(Task data begins)

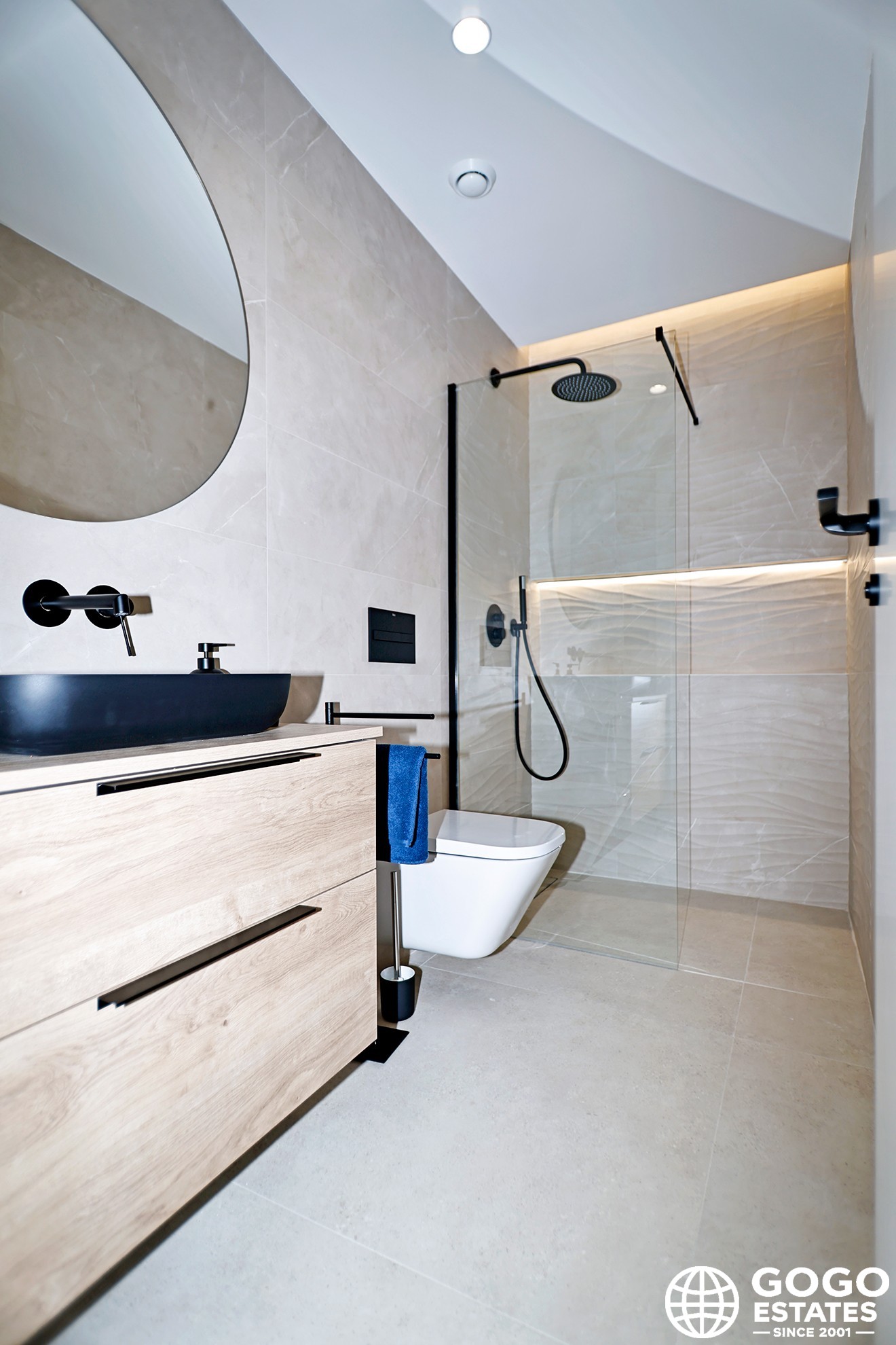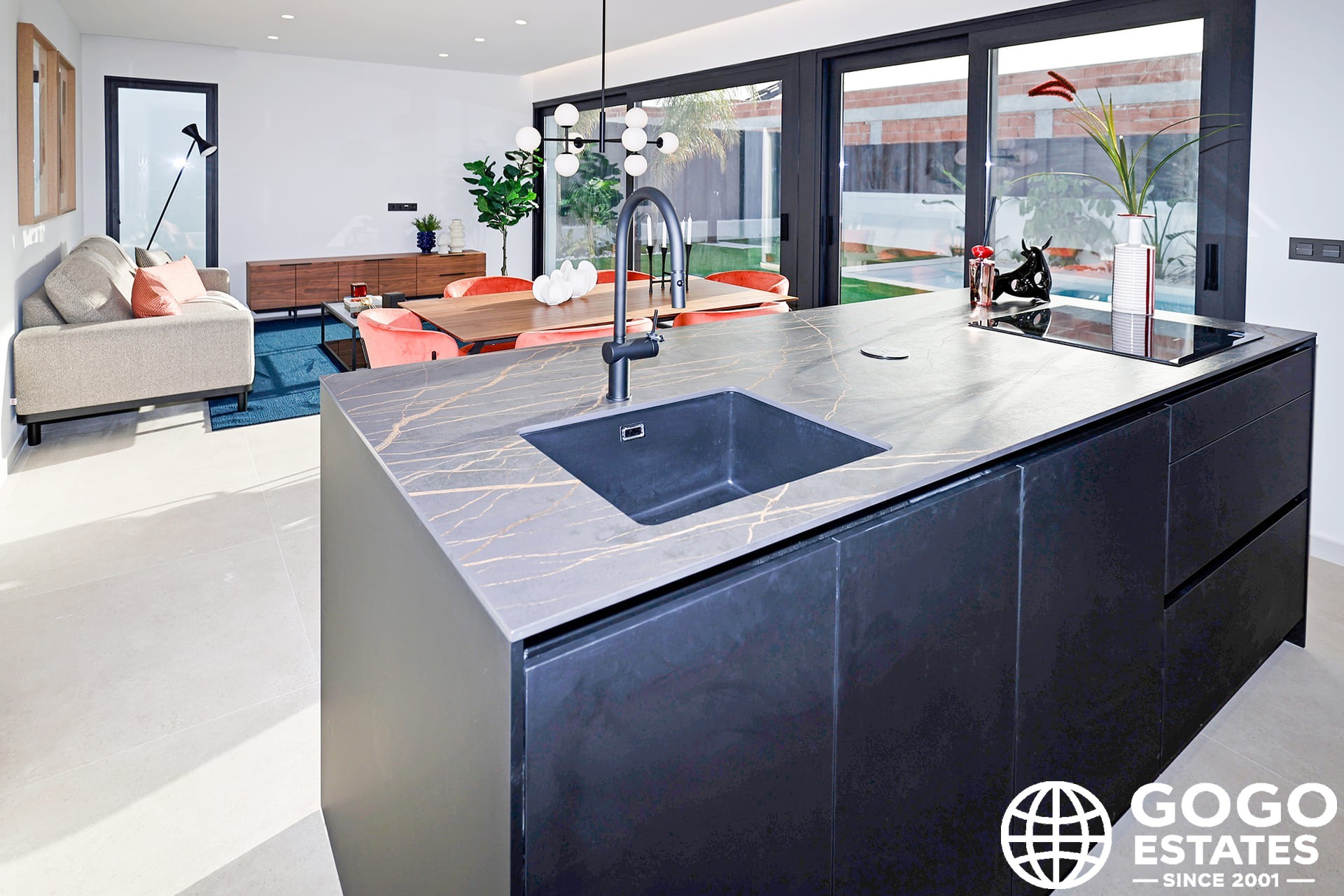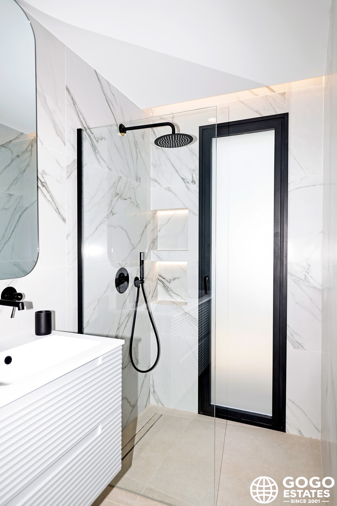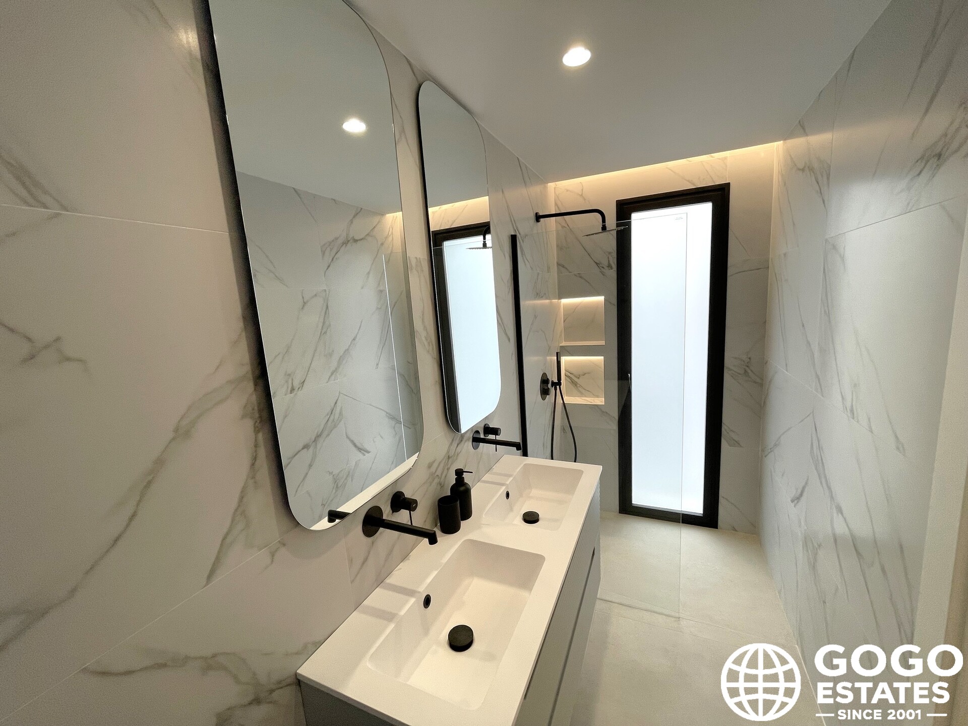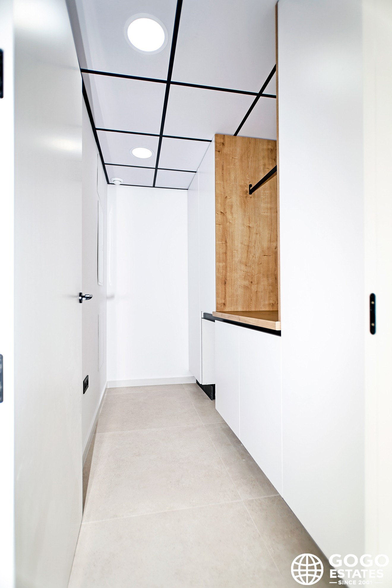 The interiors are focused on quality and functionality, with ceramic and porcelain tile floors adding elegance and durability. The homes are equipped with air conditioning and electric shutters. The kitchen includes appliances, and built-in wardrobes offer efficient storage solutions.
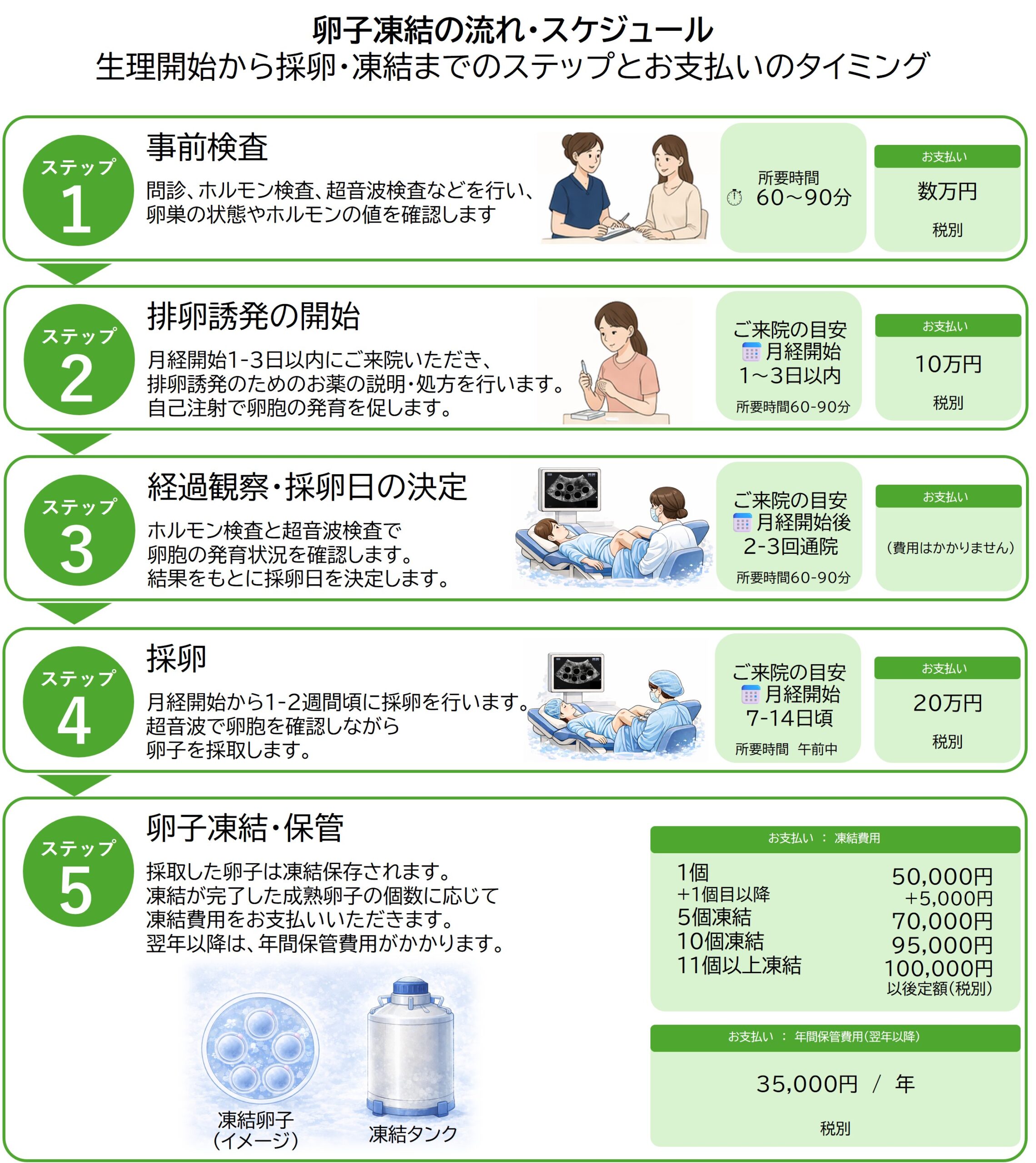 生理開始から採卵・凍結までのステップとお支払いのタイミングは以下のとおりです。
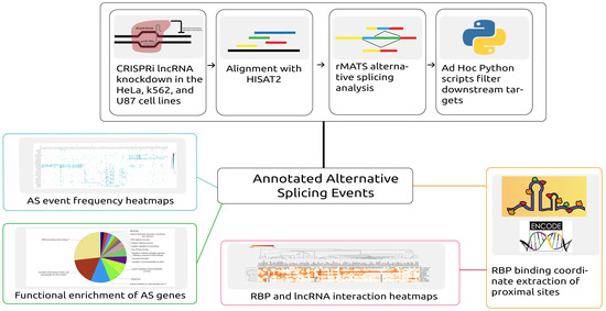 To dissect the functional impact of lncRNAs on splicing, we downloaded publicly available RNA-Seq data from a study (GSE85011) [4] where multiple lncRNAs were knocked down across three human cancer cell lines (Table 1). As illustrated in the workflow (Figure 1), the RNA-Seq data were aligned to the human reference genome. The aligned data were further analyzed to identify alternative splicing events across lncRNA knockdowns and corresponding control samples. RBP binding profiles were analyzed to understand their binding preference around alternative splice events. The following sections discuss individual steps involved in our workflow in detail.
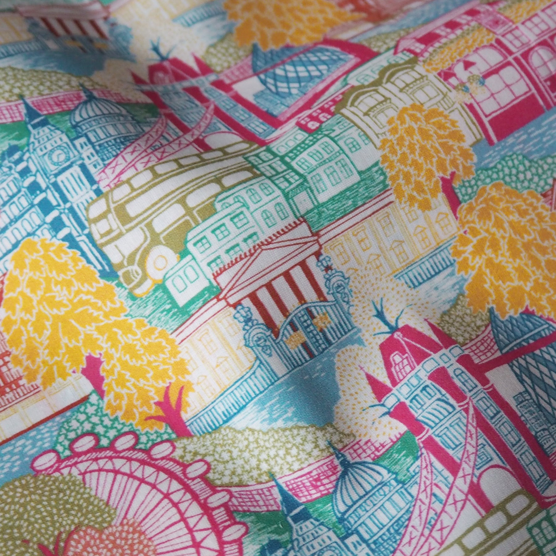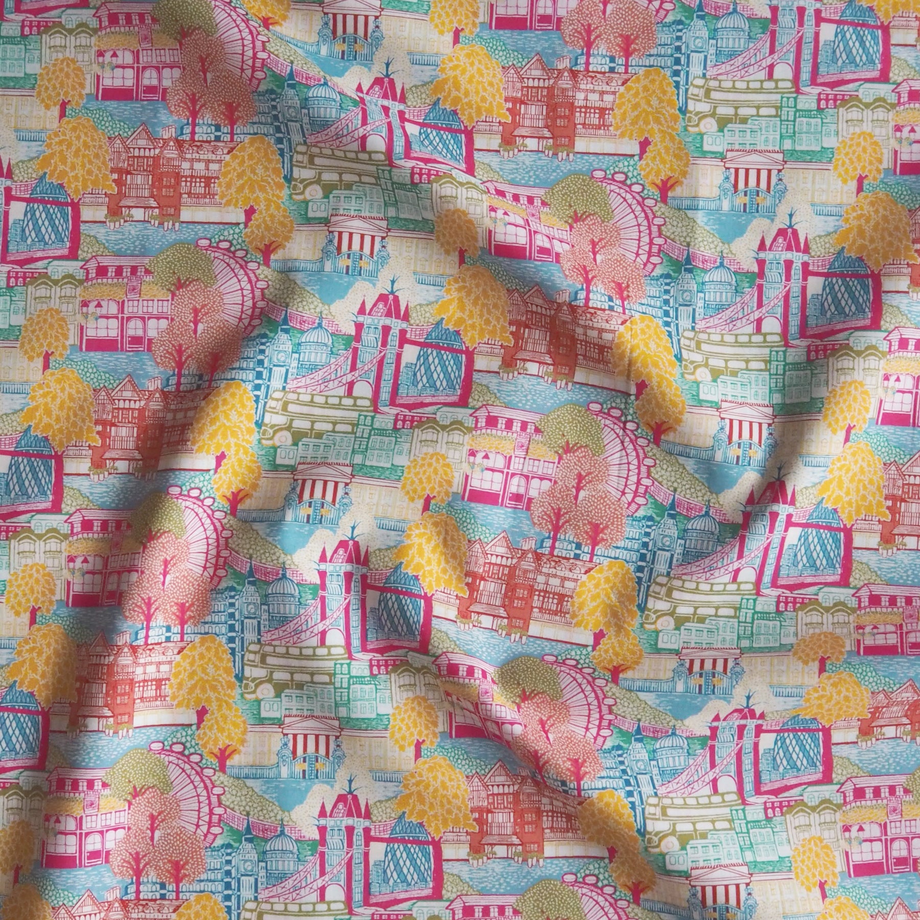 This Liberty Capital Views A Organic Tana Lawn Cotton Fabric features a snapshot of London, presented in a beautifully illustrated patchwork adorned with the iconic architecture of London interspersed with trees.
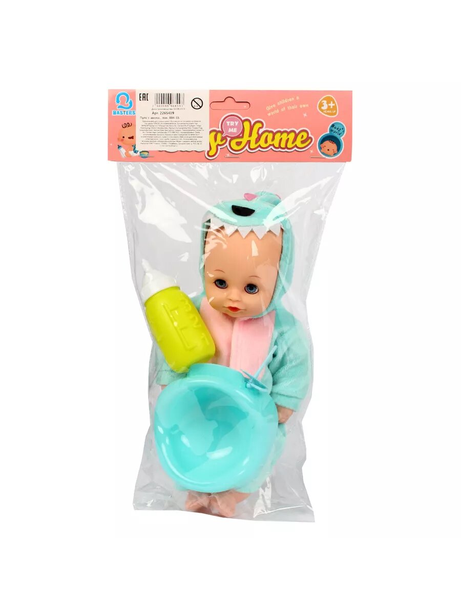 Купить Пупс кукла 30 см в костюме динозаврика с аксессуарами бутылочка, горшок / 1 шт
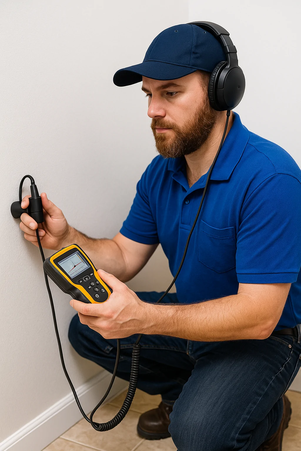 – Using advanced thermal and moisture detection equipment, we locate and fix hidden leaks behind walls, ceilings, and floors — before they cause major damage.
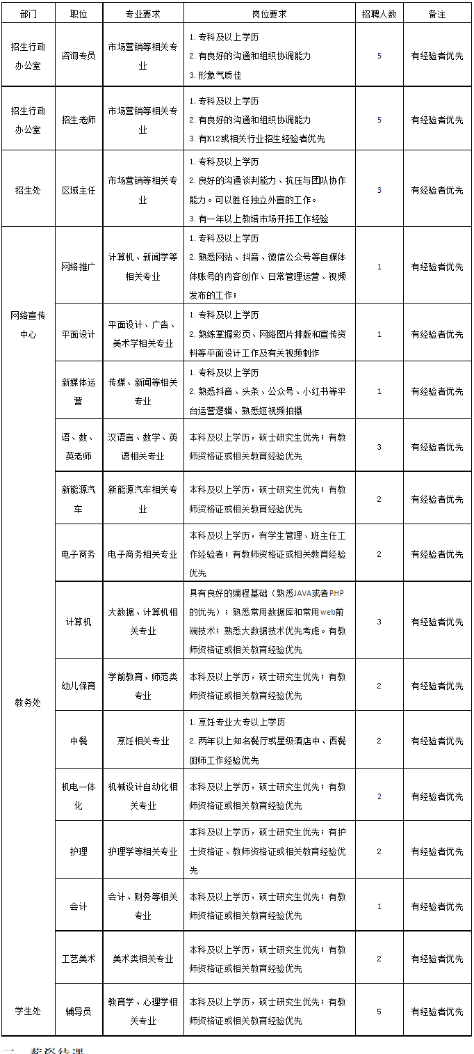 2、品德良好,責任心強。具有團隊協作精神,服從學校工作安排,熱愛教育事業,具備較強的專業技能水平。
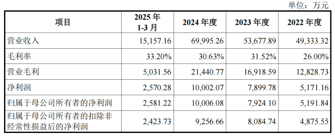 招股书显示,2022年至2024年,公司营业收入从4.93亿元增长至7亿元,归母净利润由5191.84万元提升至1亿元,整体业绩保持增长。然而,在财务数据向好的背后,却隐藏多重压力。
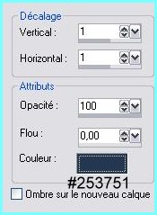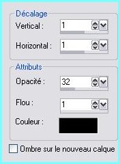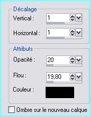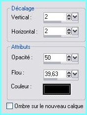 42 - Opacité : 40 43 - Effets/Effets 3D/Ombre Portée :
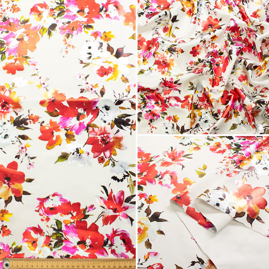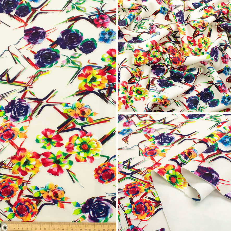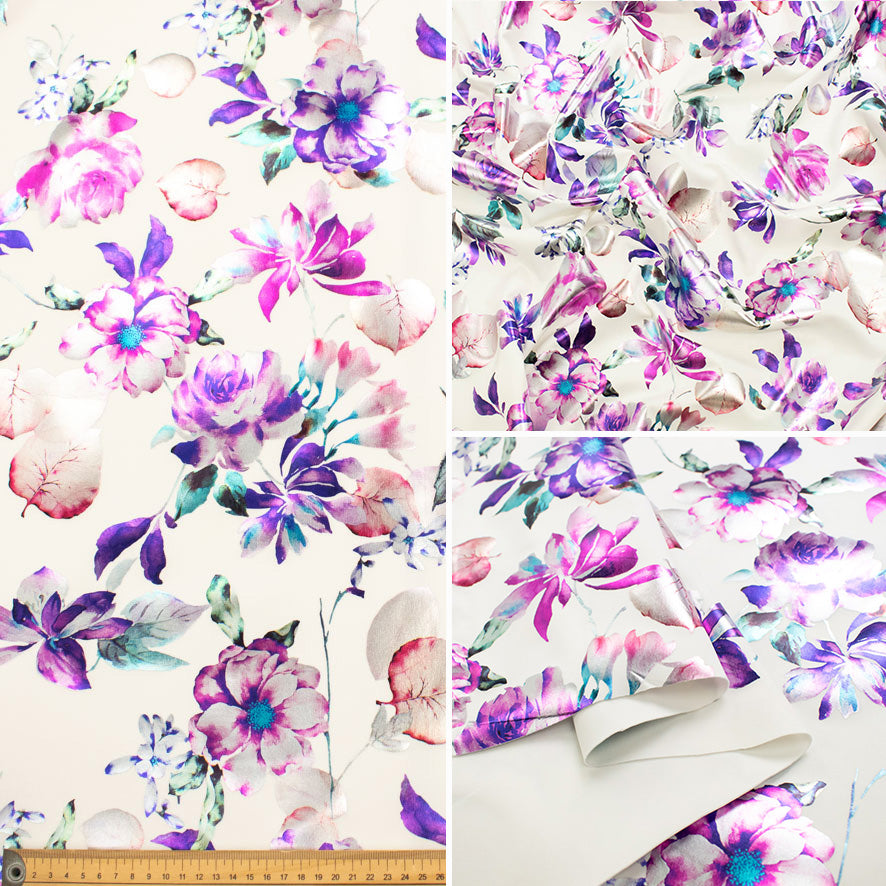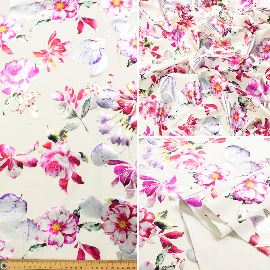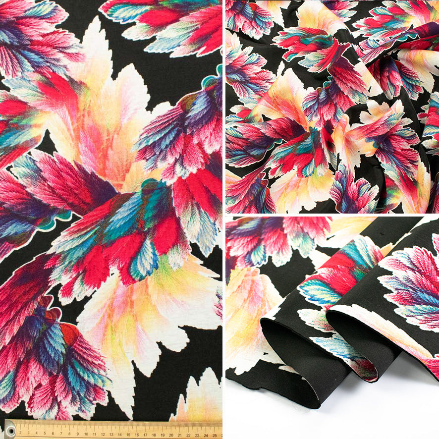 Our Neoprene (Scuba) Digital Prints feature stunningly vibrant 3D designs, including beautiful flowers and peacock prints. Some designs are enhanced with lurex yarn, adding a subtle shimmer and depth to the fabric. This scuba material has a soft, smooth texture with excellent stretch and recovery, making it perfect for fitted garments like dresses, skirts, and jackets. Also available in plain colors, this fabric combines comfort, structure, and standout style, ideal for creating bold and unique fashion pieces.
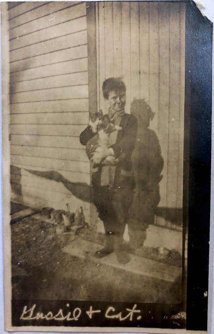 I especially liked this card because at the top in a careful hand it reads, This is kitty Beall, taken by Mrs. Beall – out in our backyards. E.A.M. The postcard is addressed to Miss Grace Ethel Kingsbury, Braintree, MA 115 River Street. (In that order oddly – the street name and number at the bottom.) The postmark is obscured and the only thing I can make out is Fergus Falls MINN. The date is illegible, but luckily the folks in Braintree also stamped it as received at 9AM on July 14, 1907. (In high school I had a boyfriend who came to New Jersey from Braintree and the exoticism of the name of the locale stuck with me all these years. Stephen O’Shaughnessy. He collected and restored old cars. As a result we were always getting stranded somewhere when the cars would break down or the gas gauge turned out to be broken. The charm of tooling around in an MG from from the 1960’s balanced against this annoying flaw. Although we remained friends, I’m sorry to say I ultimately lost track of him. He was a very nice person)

(Task data ends)

# Aim of the exercise
Your answer should be every entry repeated exactly, minus the pictures.

# Written response
 The interiors are focused on quality and functionality, with ceramic and porcelain tile floors adding elegance and durability. The homes are equipped with air conditioning and electric shutters. The kitchen includes appliances, and built-in wardrobes offer efficient storage solutions.
 生理開始から採卵・凍結までのステップとお支払いのタイミングは以下のとおりです。
 To dissect the functional impact of lncRNAs on splicing, we downloaded publicly available RNA-Seq data from a study (GSE85011) [4] where multiple lncRNAs were knocked down across three human cancer cell lines (Table 1). As illustrated in the workflow (Figure 1), the RNA-Seq data were aligned to the human reference genome. The aligned data were further analyzed to identify alternative splicing events across lncRNA knockdowns and corresponding control samples. RBP binding profiles were analyzed to understand their binding preference around alternative splice events. The following sections discuss individual steps involved in our workflow in detail.
 This Liberty Capital Views A Organic Tana Lawn Cotton Fabric features a snapshot of London, presented in a beautifully illustrated patchwork adorned with the iconic architecture of London interspersed with trees.
 Купить Пупс кукла 30 см в костюме динозаврика с аксессуарами бутылочка, горшок / 1 шт
 – Using advanced thermal and moisture detection equipment, we locate and fix hidden leaks behind walls, ceilings, and floors — before they cause major damage.
 2、品德良好,責任心強。具有團隊協作精神,服從學校工作安排,熱愛教育事業,具備較強的專業技能水平。
 招股书显示,2022年至2024年,公司营业收入从4.93亿元增长至7亿元,归母净利润由5191.84万元提升至1亿元,整体业绩保持增长。然而,在财务数据向好的背后,却隐藏多重压力。
 42 - Opacité : 40 43 - Effets/Effets 3D/Ombre Portée :
 Our Neoprene (Scuba) Digital Prints feature stunningly vibrant 3D designs, including beautiful flowers and peacock prints. Some designs are enhanced with lurex yarn, adding a subtle shimmer and depth to the fabric. This scuba material has a soft, smooth texture with excellent stretch and recovery, making it perfect for fitted garments like dresses, skirts, and jackets. Also available in plain colors, this fabric combines comfort, structure, and standout style, ideal for creating bold and unique fashion pieces.
 I especially liked this card because at the top in a careful hand it reads, This is kitty Beall, taken by Mrs. Beall – out in our backyards. E.A.M. The postcard is addressed to Miss Grace Ethel Kingsbury, Braintree, MA 115 River Street. (In that order oddly – the street name and number at the bottom.) The postmark is obscured and the only thing I can make out is Fergus Falls MINN. The date is illegible, but luckily the folks in Braintree also stamped it as received at 9AM on July 14, 1907. (In high school I had a boyfriend who came to New Jersey from Braintree and the exoticism of the name of the locale stuck with me all these years. Stephen O’Shaughnessy. He collected and restored old cars. As a result we were always getting stranded somewhere when the cars would break down or the gas gauge turned out to be broken. The charm of tooling around in an MG from from the 1960’s balanced against this annoying flaw. Although we remained friends, I’m sorry to say I ultimately lost track of him. He was a very nice person)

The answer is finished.